Maritime academic appeals for changed thinking about ports

South Africa is on the right path towards improving its ports but a change in thinking is required to reimagine future development of the country’s ocean hubs as integrated ecosystems, maritime academic Professor Peter de Langen has said.

Speaking on the second day of the inaugural National Transport Conference at Gallagher Estate in Midrand, the owner of Ports and Logistics Advisory in Malaga, Spain, said ports such as Tanger Med in Morocco and Rotterdam in the Netherlands had shown how ports could flourish through private-sector investment if made attractive for this purpose, but on a larger scale.

Although not mentioning the World Bank’s Container Port Performance Index, which routinely rates South African ports as the worst in the world by volume, De Langen said ports shouldn’t be lauded or lamented according to how much cargo was moved or not.

“Too often the focus is on volume,” he said.

“Ports don’t have huge influence on the amounts of volume they handle, as these are often influenced by the larger economic environment.”

Instead of having a reactive approach towards pushing volume, port planning, development and digital services should be blended in such a way that it makes a business case for investors.

Mentioning food processing, warehousing and other sub-sectors as functioning elements within larger port systems, De Langen said ports should be individually assessed according to what was required to boost their integrated ecosystem potential.

At the port of Rotterdam, for example, about two billion euros in private-sector funding flows into the port on an annual basis through enabling investment.

However, integrated ecosystem thinking was easier said than done, said De Langen. More often than not there wasn’t an immediate business case to be made for individual investments because it was not seen against the larger backdrop of the port system as a whole.

Because initial thinking was often absorbed by immediate return-on-investment concerns, the eventual benefits of investments were overlooked.

By way of example he mentioned shore power, a significant developmental issue along the Dutch coast where net-zero port developments top the local maritime investment space.

“On its own there isn’t a business case to be made for shore power, but investment is possible if the larger benefits of shore power are properly marketed at potential investors.”

He said Tanger Med had shown what was possible if port development was raised to a higher, futuristic level, almost treating ports as self-sustaining cities.

De Langen provided several points for how the objectives of larger thinking around ports could possibly be realised through policy formation.
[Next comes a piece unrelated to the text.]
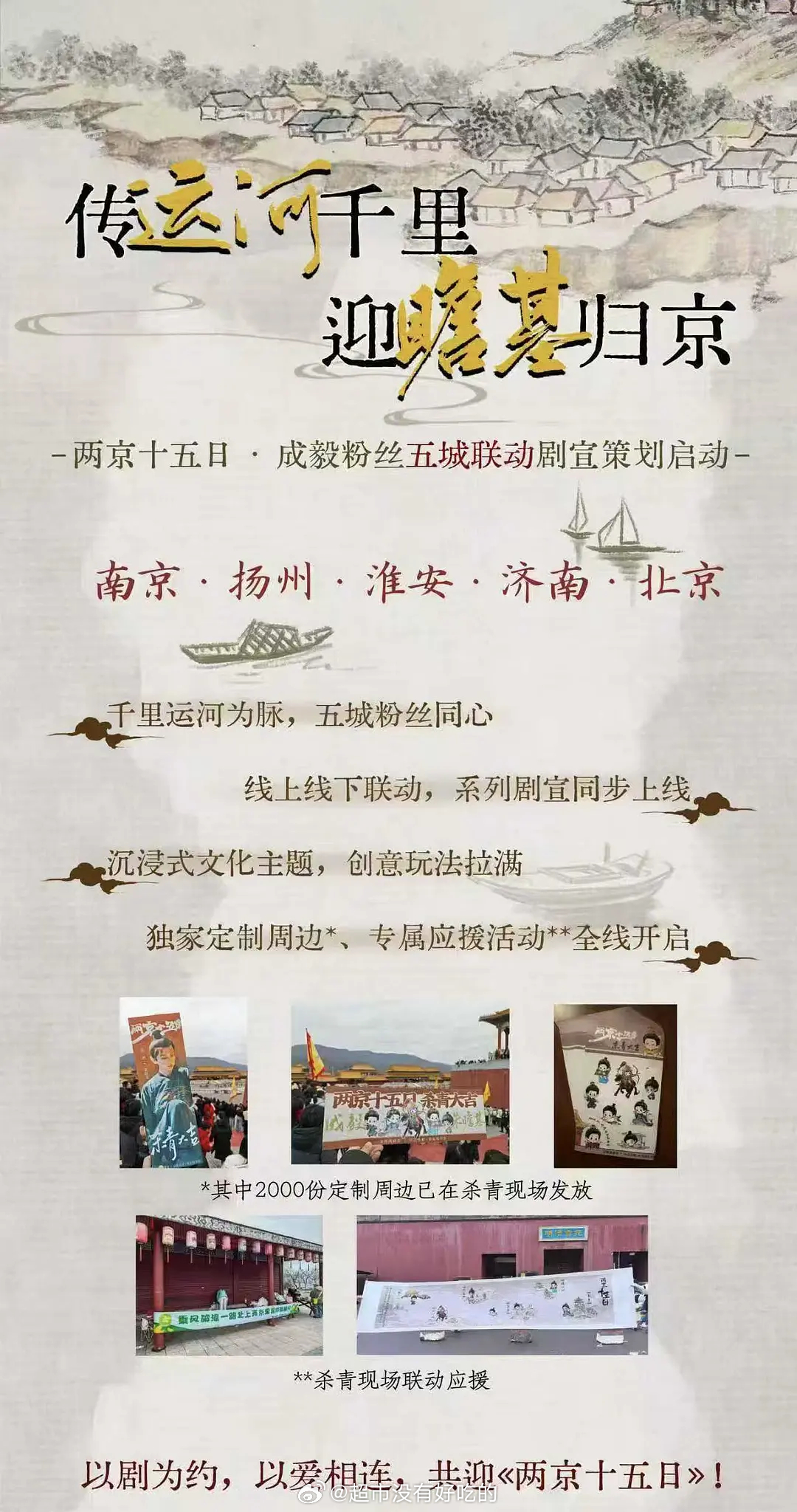 成毅粉丝《两京十五日》五城联动剧宣即将启动是太子归京的路线,与剧结合代入感加强创

These include developing a fact-based understanding of how ports create value for society; identifying ports of national interest, as well as strategic freight corridors; setting clear, measurable long-term policy objectives for ports that align with stakeholders’ objectives; using the value of attracted investments as key performance indicators; and benchmarking investment levels as a percentage of investment in port systems as a whole, as a peer-group marketing tool.